Return, exactly as written, the lines of the material from its top through the line with "7月7日,来自杭州市拱墅区志", keeping pictures out.

## Data below
────────────────
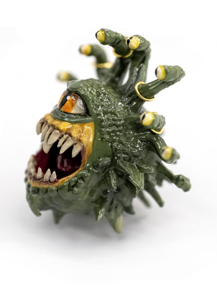Lass die Magie schweben: Dieser 3D-Beholder auf Stange für Dungeons & Dragons entspricht der grünen Version mit goldenen Ringen aus dem LE-Flipper. Vollständig handbemalt sorgt er für beeindruckenden Tiefeneffekt und eine einzigartige schwebende Optik. Farben können auf Wunsch angepasst werden.
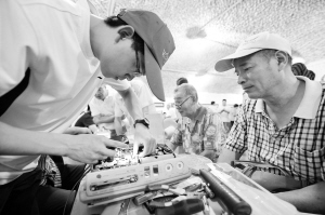 7月7日,来自杭州市拱墅区志愿者协会的志愿者在“避暑洞”里为市民免费维修小家电。
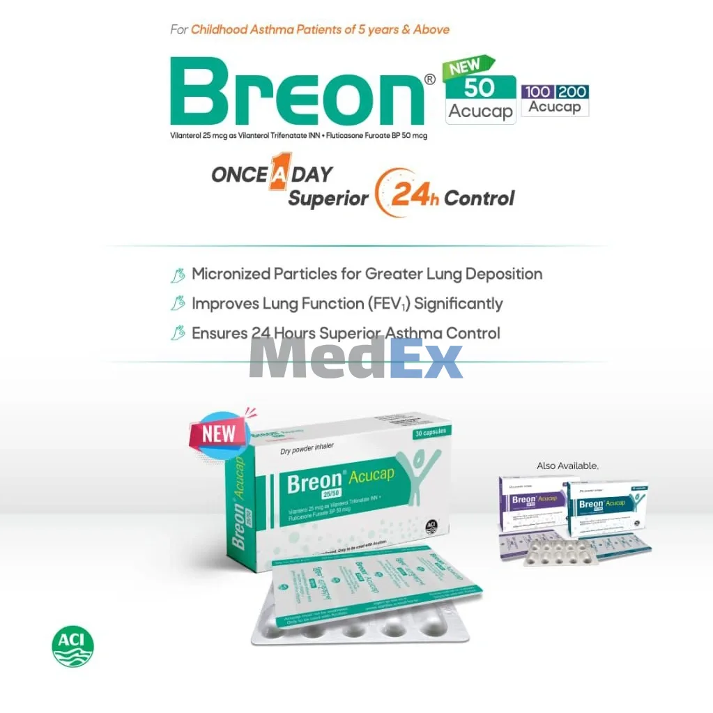 25/50 inhalation capsule: Each dry powder inhaler capsule contains Vilanterol 25 mcg (as Vilanterol Trifenatate INN) & Fluticasone Furoate INN 50 mcg
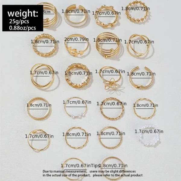 Ez az arany árnyalatban kapható gyűrűkészlet tökéletes kiegészítője gyűjteményének, amellyel könnyen felújíthatja egyedi stílusát. 💍✨
────────────────
## Response below
Lass die Magie schweben: Dieser 3D-Beholder auf Stange für Dungeons & Dragons entspricht der grünen Version mit goldenen Ringen aus dem LE-Flipper. Vollständig handbemalt sorgt er für beeindruckenden Tiefeneffekt und eine einzigartige schwebende Optik. Farben können auf Wunsch angepasst werden.
 7月7日,来自杭州市拱墅区志愿者协会的志愿者在“避暑洞”里为市民免费维修小家电。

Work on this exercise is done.